Quote every line of the data below as it stands, omitting pictures.
==*==
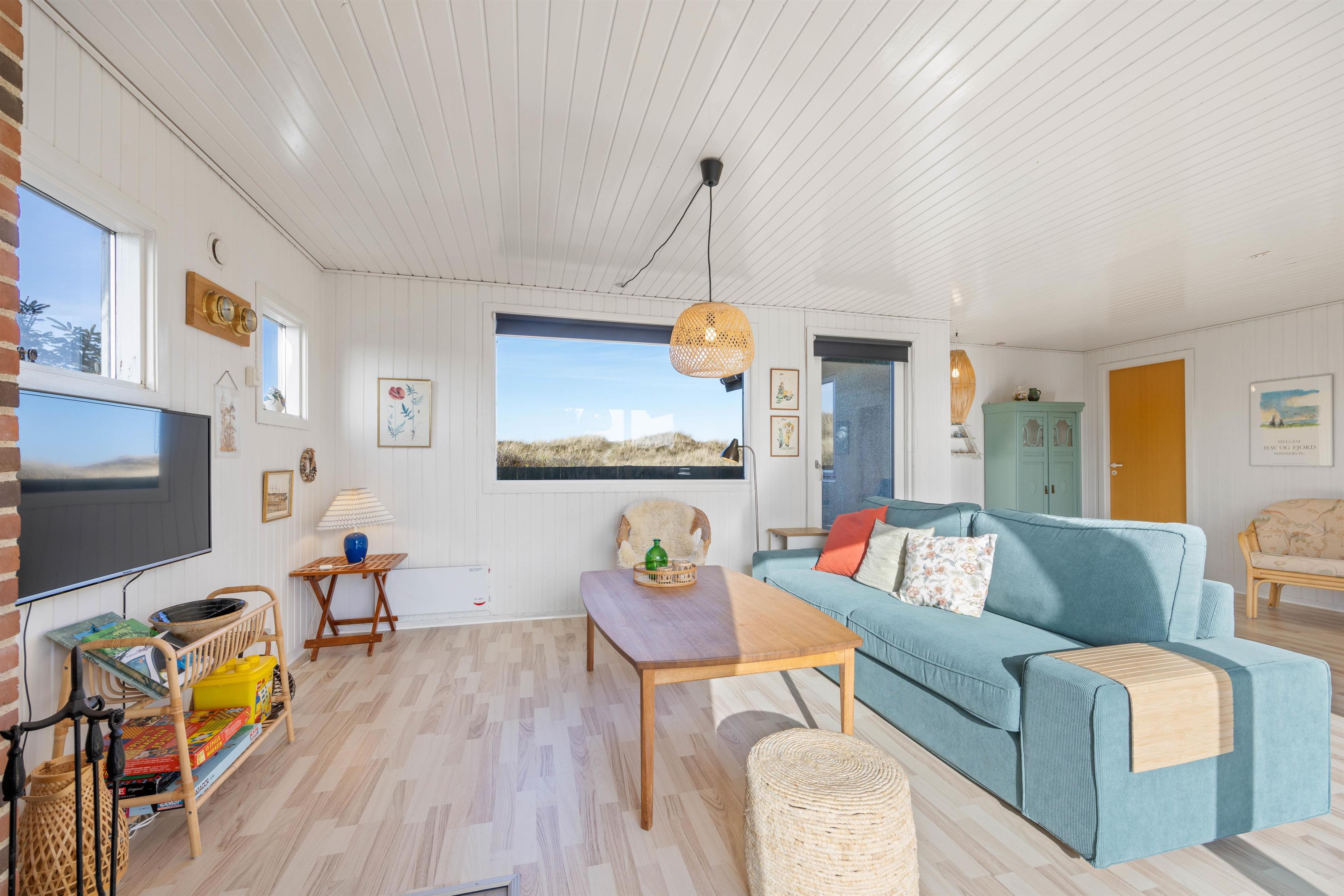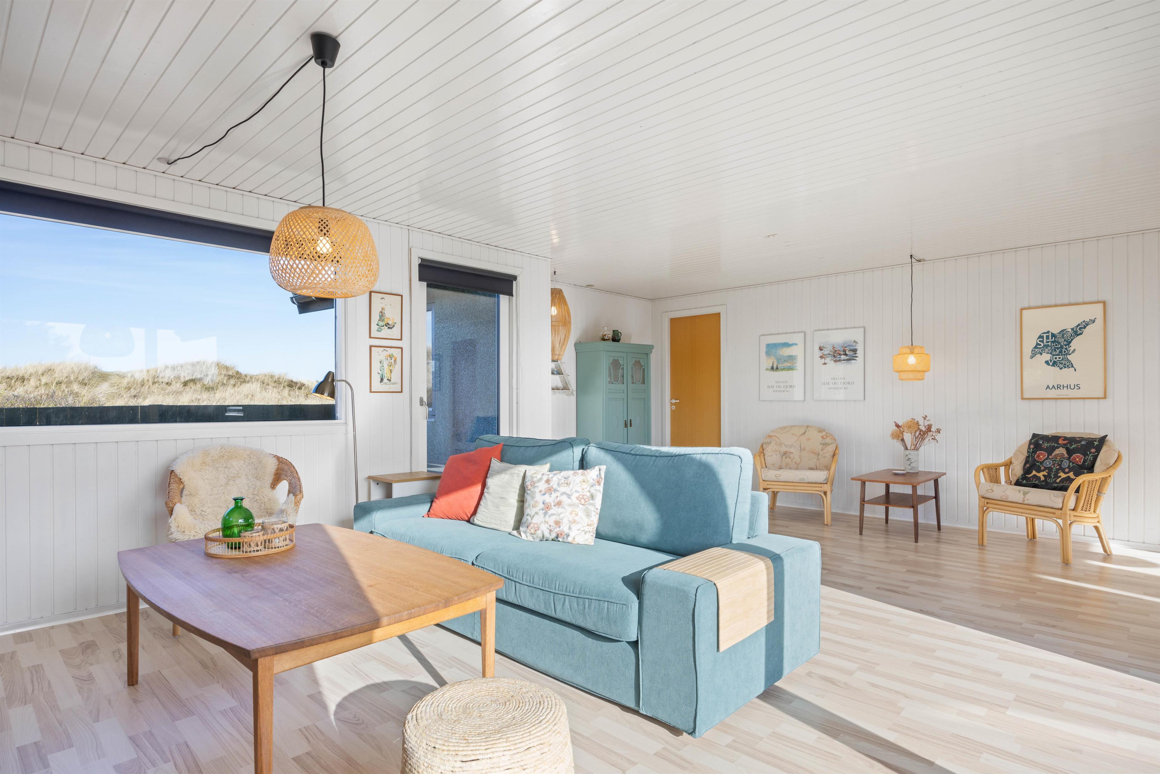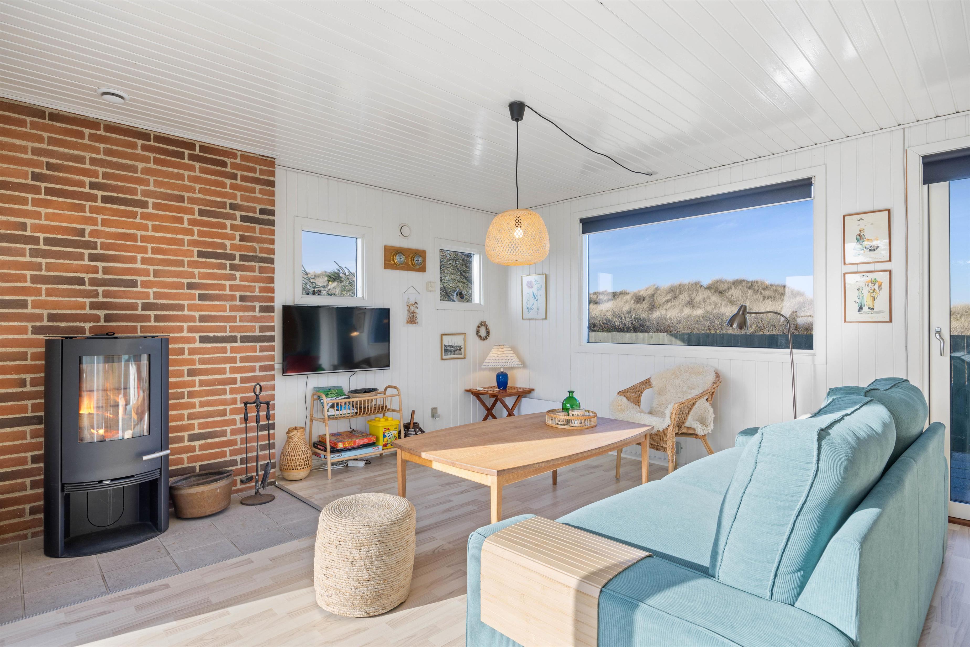 Sæt jer godt til rette i sofaen eller lænestolen og betragt det smukke klitlandskab gennem vinduespartierne, eller nyd en lækker middag ved bordet. Efter aftensmaden kan I tænde op i brændeovnen og blive varmet godt igennem, eller måske se en film sammen med hele familien. Mulighederne er uendelige, og der bliver masser af tid til samvær og hygge i dette skønne sommerhus.
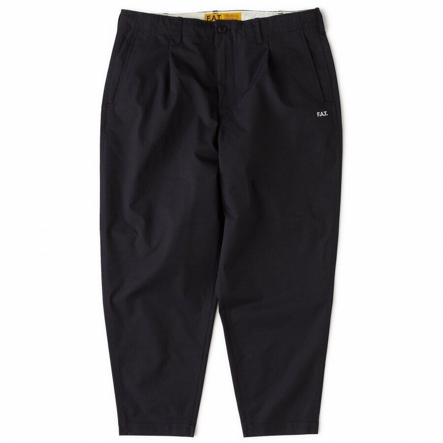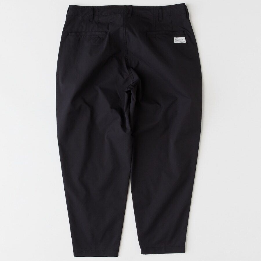 伸縮性の高いポリエステルツイルを使用したチノパン。膝から裾にかけてすっきりとしたテーパードラインと、9分丈レングスによる絶妙なシルエットが魅力。穿き心地の良さはもちろんのこと、軽さと撥水性を備えたファブリックは独特の光沢感でコーディネートにアクセントを加えてくれる。ウエストはドローコードを備え、ベルトレスでイージーパンツとして着用可能。フロントのロゴ刺繍とバックのブランドネームが程よいアクセントに。
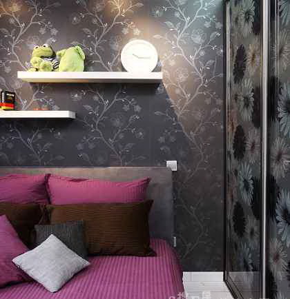 5、色彩上墻面主要采用了黑底白花的主設(shè)計,但并不是滿鋪的,而是有主次的,有變化的布置。這樣不至于會讓整個空間太壓抑。
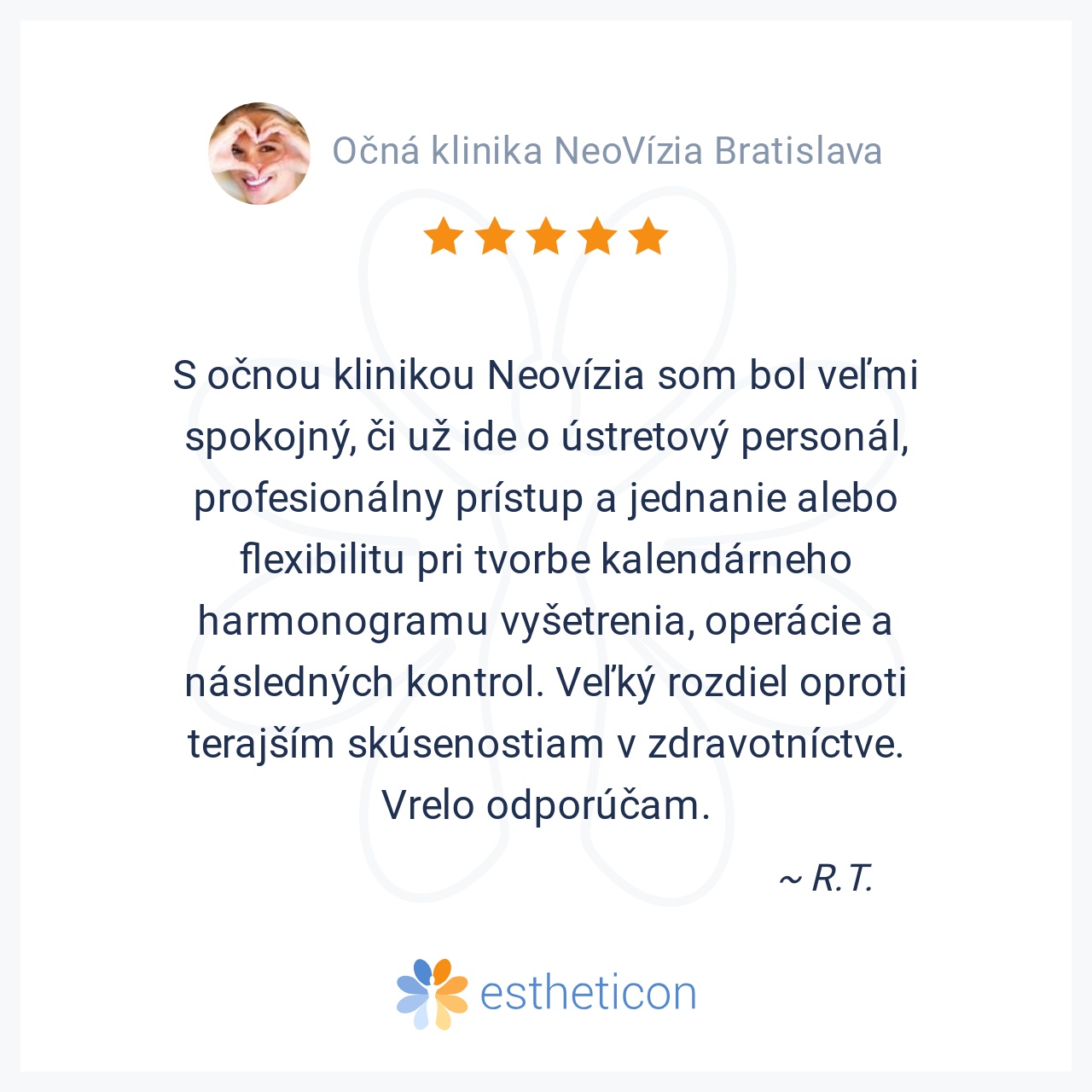 S očnou klinikou Neovízia som bol veľmi spokojný, či už ide o ústretový personál, profesionálny prístup a jednanie alebo flexibilitu pri tvorbe kalendárneho harmonogramu vyšetrenia, operácie a následných kontrol. Veľký r... Viac
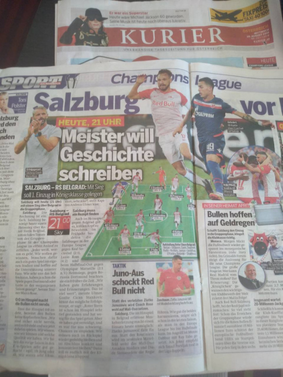 List Kurier u sklopu priče o večerašnjem meču daje zanimljivu statistiku po kojoj Red Bul nije izgubio u Salcburgu čak 45 utakmica u nizu u svim takmičenjima - Bundesliga, Kup Austrije, Liga šampiona (kvalifikacije) i Liga Evrope.
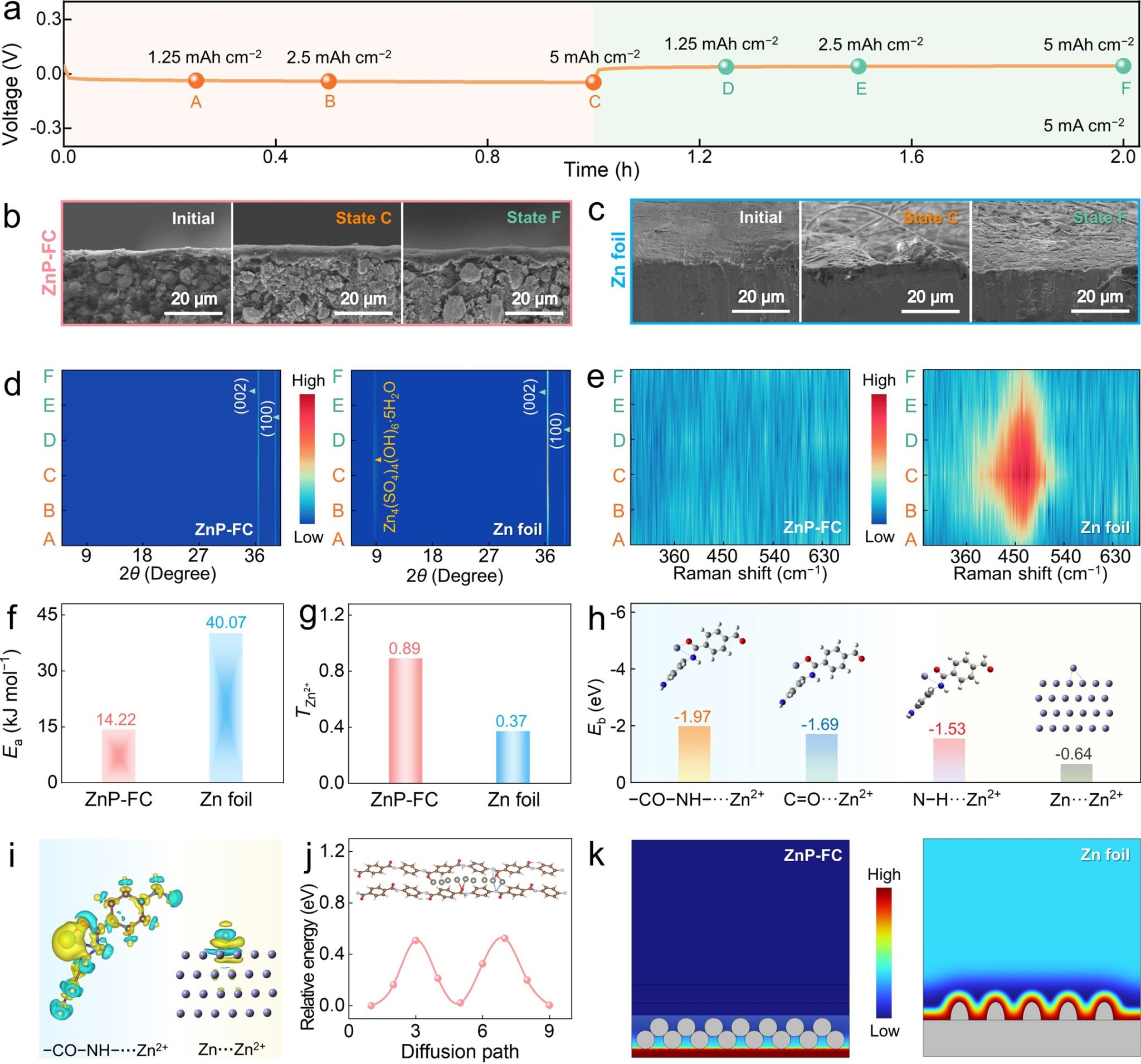 异位光谱实验和理论计算研究表明,ZnP-FC电极有效抑制了锌枝晶和副反应,促进了Zn2+的去溶剂化和传导,实现了高度可逆的电化学反应过程。
==*==
Reply:
 Sæt jer godt til rette i sofaen eller lænestolen og betragt det smukke klitlandskab gennem vinduespartierne, eller nyd en lækker middag ved bordet. Efter aftensmaden kan I tænde op i brændeovnen og blive varmet godt igennem, eller måske se en film sammen med hele familien. Mulighederne er uendelige, og der bliver masser af tid til samvær og hygge i dette skønne sommerhus.
 伸縮性の高いポリエステルツイルを使用したチノパン。膝から裾にかけてすっきりとしたテーパードラインと、9分丈レングスによる絶妙なシルエットが魅力。穿き心地の良さはもちろんのこと、軽さと撥水性を備えたファブリックは独特の光沢感でコーディネートにアクセントを加えてくれる。ウエストはドローコードを備え、ベルトレスでイージーパンツとして着用可能。フロントのロゴ刺繍とバックのブランドネームが程よいアクセントに。
 5、色彩上墻面主要采用了黑底白花的主設(shè)計,但并不是滿鋪的,而是有主次的,有變化的布置。這樣不至于會讓整個空間太壓抑。
 S očnou klinikou Neovízia som bol veľmi spokojný, či už ide o ústretový personál, profesionálny prístup a jednanie alebo flexibilitu pri tvorbe kalendárneho harmonogramu vyšetrenia, operácie a následných kontrol. Veľký r... Viac
 List Kurier u sklopu priče o večerašnjem meču daje zanimljivu statistiku po kojoj Red Bul nije izgubio u Salcburgu čak 45 utakmica u nizu u svim takmičenjima - Bundesliga, Kup Austrije, Liga šampiona (kvalifikacije) i Liga Evrope.
 异位光谱实验和理论计算研究表明,ZnP-FC电极有效抑制了锌枝晶和副反应,促进了Zn2+的去溶剂化和传导,实现了高度可逆的电化学反应过程。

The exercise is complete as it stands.